Work instruction – Any pictures should be dropped; everything else in the records is to be returned exactly.

Provided information –
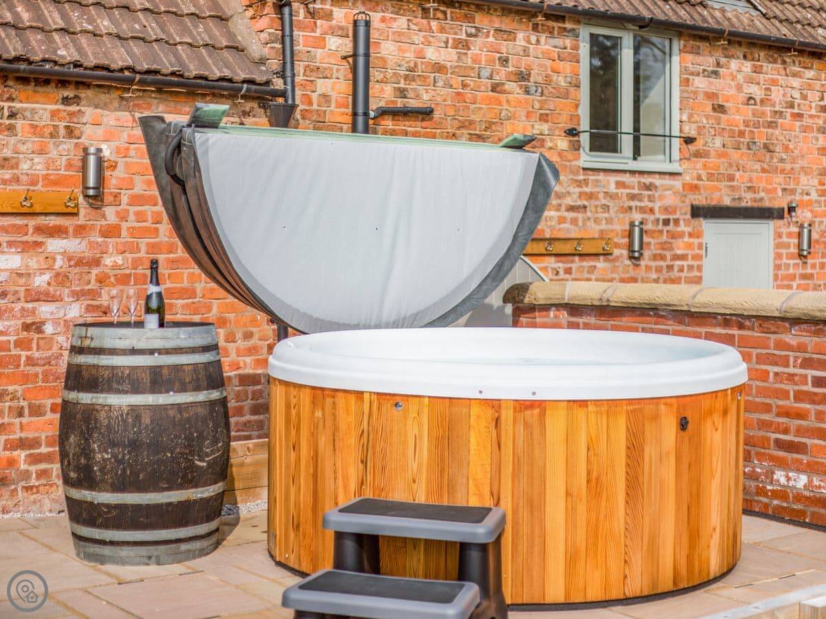 Outside, there's a private patio with a hot tub. You can park right there.
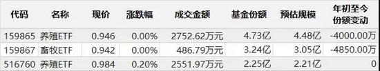 不过前几天上市的2只ETF上市后,份额就出现了减少,养殖ETF(159865)和畜牧ETF(159867)份额自上市以来分别减少了4000万份和4850万份。
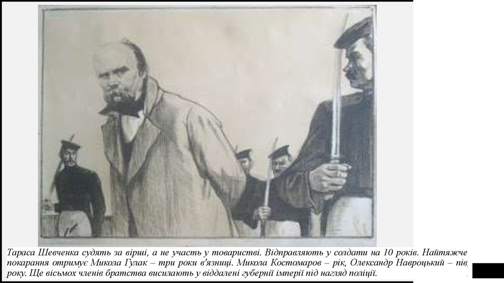 Тараса Шевченка судять за вірші, а не участь у товаристві. Відправляють у солдати на 10 років. Найтяжчепокарання отримує Микола Гулак – три роки в'язниці. Микола Костомаров – рік, Олександр Навроцький
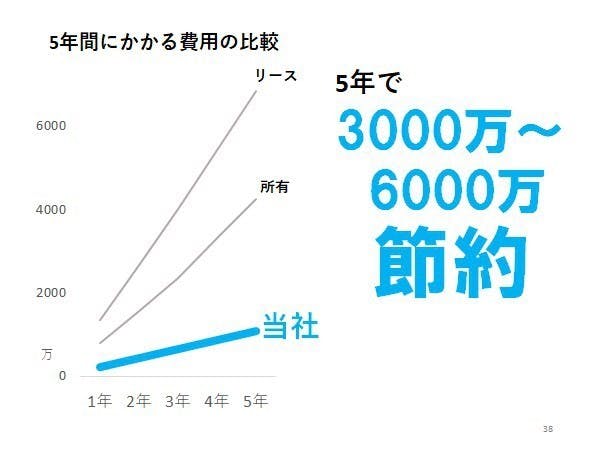 下のグラフ(スーパーカー2台に対してかかる費用比較)をみていただくとわかるように、リースや所有と比較してかかる費用が一番抑えられるのも魅力の1つです。
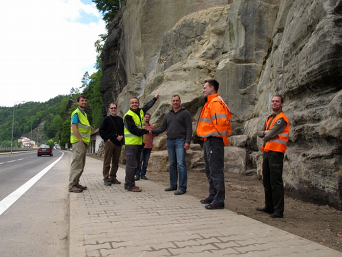 Hřensko, 21. 5. 2013 – Správa Národního parku České Švýcarsko dnes ve Hřensku převzala od firmy ARCADIS Geotechnika a.s. sanovaný skalní objekt, který od konce roku 2010 komplikoval dopravu na mezinárodní silnici I/62. Silnice je počínaje dneškem oficiálně průjezdná bez jakéhokoli omezení, bezpečný je opět také pohyb pěších po chodníku u paty skály. Skalní blok nyní stabilizují železobetonový věnec a padesát ocelových kotevních trnů, pukliny jsou vyplněny betonem, jeho povrch částečně pokrývají ocelové sítě. Proti pádu menších bloků ochrání řidiče i pěší nově instalované záchytné ploty. Předání sanované skály proběhlo proti původnímu harmonogramu o deset dnů dříve.

Result of this exercise –
 Outside, there's a private patio with a hot tub. You can park right there.
 不过前几天上市的2只ETF上市后,份额就出现了减少,养殖ETF(159865)和畜牧ETF(159867)份额自上市以来分别减少了4000万份和4850万份。
 Тараса Шевченка судять за вірші, а не участь у товаристві. Відправляють у солдати на 10 років. Найтяжчепокарання отримує Микола Гулак – три роки в'язниці. Микола Костомаров – рік, Олександр Навроцький
 下のグラフ(スーパーカー2台に対してかかる費用比較)をみていただくとわかるように、リースや所有と比較してかかる費用が一番抑えられるのも魅力の1つです。
 Hřensko, 21. 5. 2013 – Správa Národního parku České Švýcarsko dnes ve Hřensku převzala od firmy ARCADIS Geotechnika a.s. sanovaný skalní objekt, který od konce roku 2010 komplikoval dopravu na mezinárodní silnici I/62. Silnice je počínaje dneškem oficiálně průjezdná bez jakéhokoli omezení, bezpečný je opět také pohyb pěších po chodníku u paty skály. Skalní blok nyní stabilizují železobetonový věnec a padesát ocelových kotevních trnů, pukliny jsou vyplněny betonem, jeho povrch částečně pokrývají ocelové sítě. Proti pádu menších bloků ochrání řidiče i pěší nově instalované záchytné ploty. Předání sanované skály proběhlo proti původnímu harmonogramu o deset dnů dříve.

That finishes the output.